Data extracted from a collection
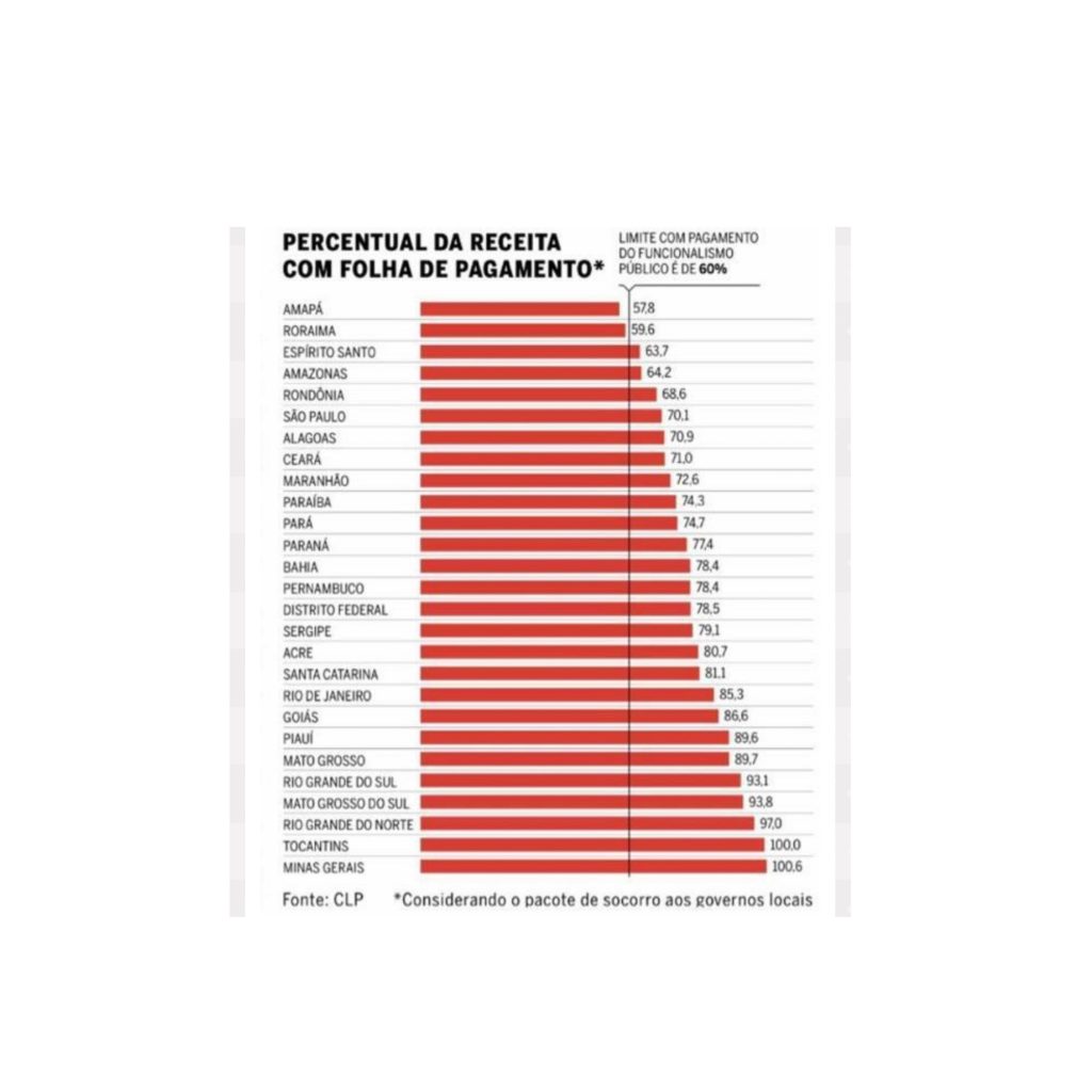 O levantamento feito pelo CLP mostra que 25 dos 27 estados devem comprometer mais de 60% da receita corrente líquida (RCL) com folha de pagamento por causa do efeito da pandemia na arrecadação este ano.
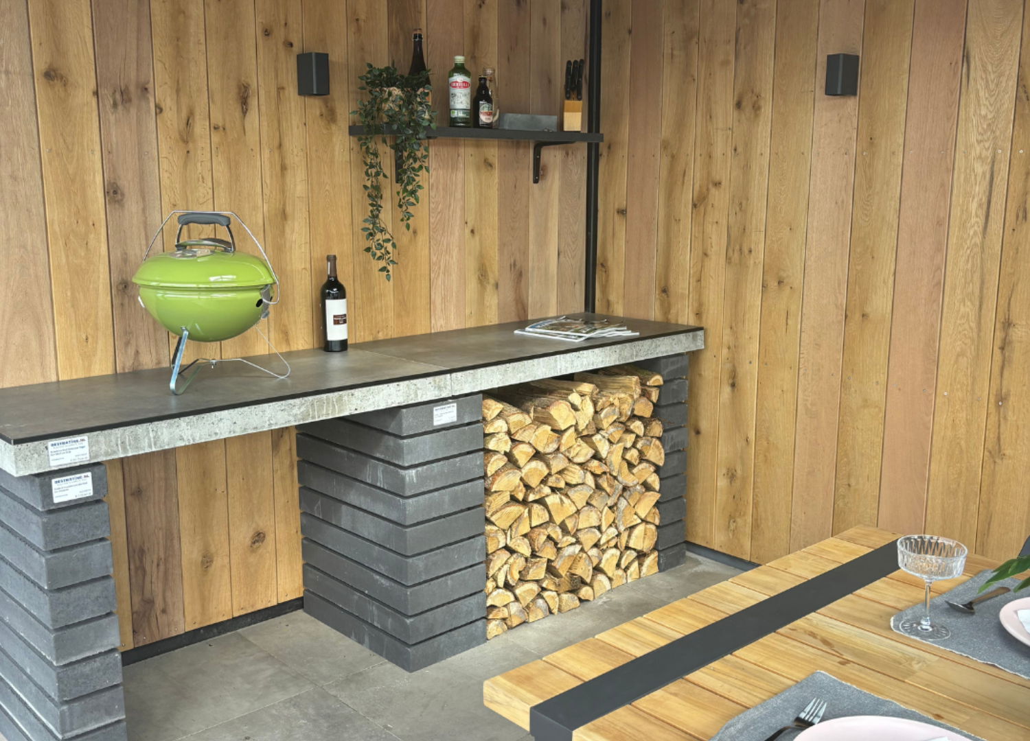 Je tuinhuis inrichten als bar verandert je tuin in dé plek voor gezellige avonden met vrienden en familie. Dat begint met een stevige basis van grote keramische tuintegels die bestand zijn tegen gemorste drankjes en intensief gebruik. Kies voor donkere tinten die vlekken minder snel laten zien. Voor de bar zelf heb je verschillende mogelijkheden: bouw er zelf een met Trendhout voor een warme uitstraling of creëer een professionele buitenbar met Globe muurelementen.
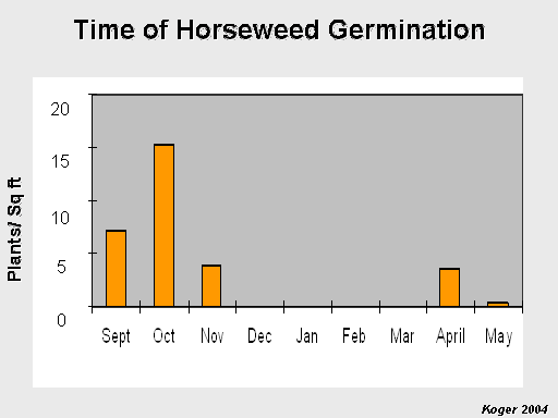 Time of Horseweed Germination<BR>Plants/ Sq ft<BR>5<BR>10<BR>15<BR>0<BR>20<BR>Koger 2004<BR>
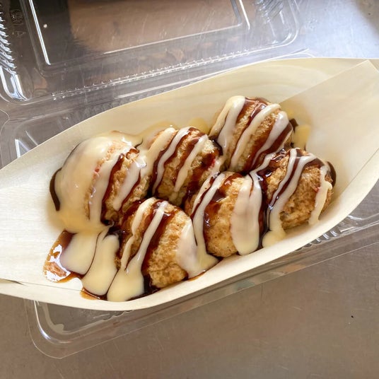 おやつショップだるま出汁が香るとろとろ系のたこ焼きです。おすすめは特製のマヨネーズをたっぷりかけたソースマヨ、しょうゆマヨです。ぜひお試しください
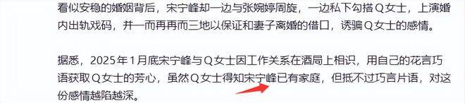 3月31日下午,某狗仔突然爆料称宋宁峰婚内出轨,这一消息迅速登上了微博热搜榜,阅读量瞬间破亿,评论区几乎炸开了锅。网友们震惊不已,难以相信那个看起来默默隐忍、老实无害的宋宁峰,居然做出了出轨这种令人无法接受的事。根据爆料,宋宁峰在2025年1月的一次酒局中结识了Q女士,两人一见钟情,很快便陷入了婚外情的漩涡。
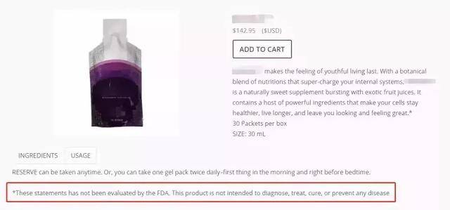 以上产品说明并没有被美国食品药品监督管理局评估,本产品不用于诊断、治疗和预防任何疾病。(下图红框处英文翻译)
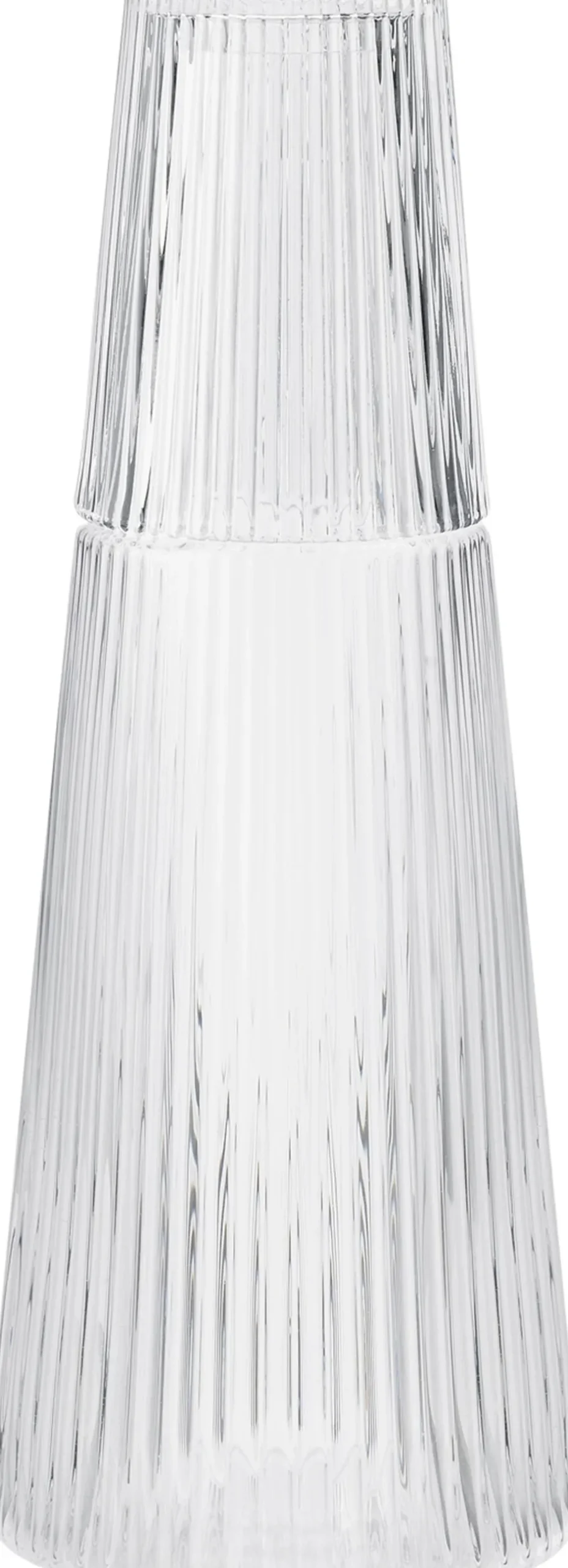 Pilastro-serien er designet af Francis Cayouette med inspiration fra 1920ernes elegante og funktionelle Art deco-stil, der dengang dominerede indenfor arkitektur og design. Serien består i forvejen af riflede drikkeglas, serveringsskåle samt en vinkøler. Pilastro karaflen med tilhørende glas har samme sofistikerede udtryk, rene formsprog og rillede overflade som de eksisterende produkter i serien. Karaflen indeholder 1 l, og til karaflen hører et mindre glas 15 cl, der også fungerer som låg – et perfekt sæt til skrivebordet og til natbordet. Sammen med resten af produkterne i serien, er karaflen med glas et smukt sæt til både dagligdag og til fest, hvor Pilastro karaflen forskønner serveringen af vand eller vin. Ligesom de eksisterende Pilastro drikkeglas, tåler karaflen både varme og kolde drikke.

### Task statement:
Up to and including the line with "以上产品说明并没有被美国食品", copy the data above from its first line. Skip pictures.

### Written response:
 O levantamento feito pelo CLP mostra que 25 dos 27 estados devem comprometer mais de 60% da receita corrente líquida (RCL) com folha de pagamento por causa do efeito da pandemia na arrecadação este ano.
 Je tuinhuis inrichten als bar verandert je tuin in dé plek voor gezellige avonden met vrienden en familie. Dat begint met een stevige basis van grote keramische tuintegels die bestand zijn tegen gemorste drankjes en intensief gebruik. Kies voor donkere tinten die vlekken minder snel laten zien. Voor de bar zelf heb je verschillende mogelijkheden: bouw er zelf een met Trendhout voor een warme uitstraling of creëer een professionele buitenbar met Globe muurelementen.
 Time of Horseweed Germination<BR>Plants/ Sq ft<BR>5<BR>10<BR>15<BR>0<BR>20<BR>Koger 2004<BR>
 おやつショップだるま出汁が香るとろとろ系のたこ焼きです。おすすめは特製のマヨネーズをたっぷりかけたソースマヨ、しょうゆマヨです。ぜひお試しください
 3月31日下午,某狗仔突然爆料称宋宁峰婚内出轨,这一消息迅速登上了微博热搜榜,阅读量瞬间破亿,评论区几乎炸开了锅。网友们震惊不已,难以相信那个看起来默默隐忍、老实无害的宋宁峰,居然做出了出轨这种令人无法接受的事。根据爆料,宋宁峰在2025年1月的一次酒局中结识了Q女士,两人一见钟情,很快便陷入了婚外情的漩涡。
 以上产品说明并没有被美国食品药品监督管理局评估,本产品不用于诊断、治疗和预防任何疾病。(下图红框处英文翻译)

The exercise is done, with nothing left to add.